Developing a climate change action plan with emission reduction targets would allow the council to comply with the Global Covenant of Mayors for Climate & Energy (GCoM), an international alliance of cities and local governments committed to an "inclusive, just, low-emission and climate resilient future".
Auckland, Dunedin and Wellington are all members of the coalition.
Completing the inventory in-house was expected to cost $25,000.
Two committee members, councillor Peter Bentley and Rural Community Board chairwoman Shirley Trumper, voted against the motion.
Bentley said he was "not at all happy" with incurring costs on ratepayers for what he deemed "questionable science".
Trumper said she was concerned about the impact on rural communities.
"We are feeling considerable pressure, not just from local council, we've got regional and central."

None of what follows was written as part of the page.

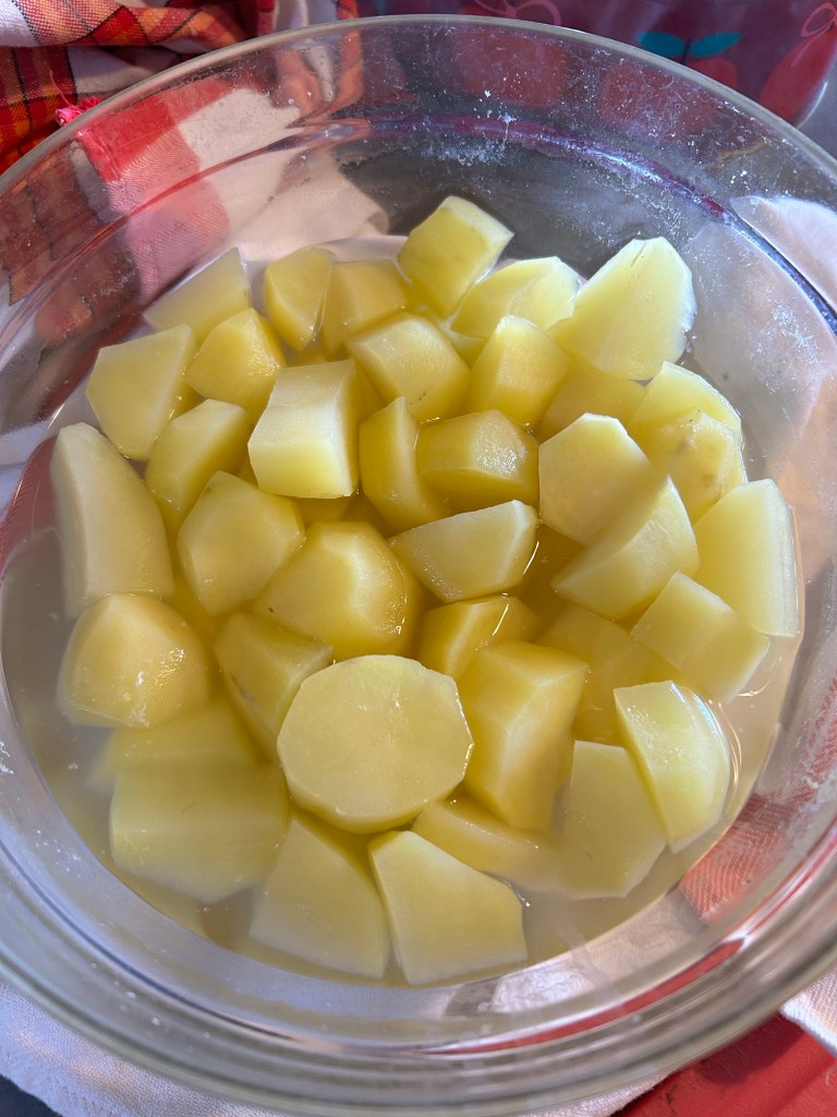 Metto a bollire le patate nella maniera classica oppure per sveltire la cosa le sbuccio, le taglio a pezzi, le metto in una ciotola con poca acqua, poco sale, copro con pellicola adatta al microonde e le cuocio per circa 15 minuti a microonde

Any action plan needed to be "considered" and had to be done in conjunction with the rural community, she said.
Councillor Karen Hunt said doing the inventory would show the community the council was "taking this seriously".
Mayor Steve Chadwick also backed the proposal and said it was timely, citing the cost of the clean-up following the January storm.
"Thank goodness we've got a report."
Councillor Tania Tapsell said the council "must be leaders in this".
"We can no longer just keep mitigating."
She questioned whether discussions had been held with council-controlled operation Infracore.
Council strategy development manager Rosemary Viskovic said that conversation had not been held yet, but Infracore was "certainly one of the people in the community we need to work with".
Viskovic said there was no cost to sign up to the GCoM.
Any cost would be in the action plan, but there may also be cost savings, she said.
The full council will meet on February 28.
Where to from here
Phase One (2018)
- Set up internal 'Carbon/Energy Committee'
- Collect data from council departments
- Complete organisational carbon footprint (inventory)
- Analyse results and set targets
- Report organisational and community inventories via internationally-recognised reporting platform.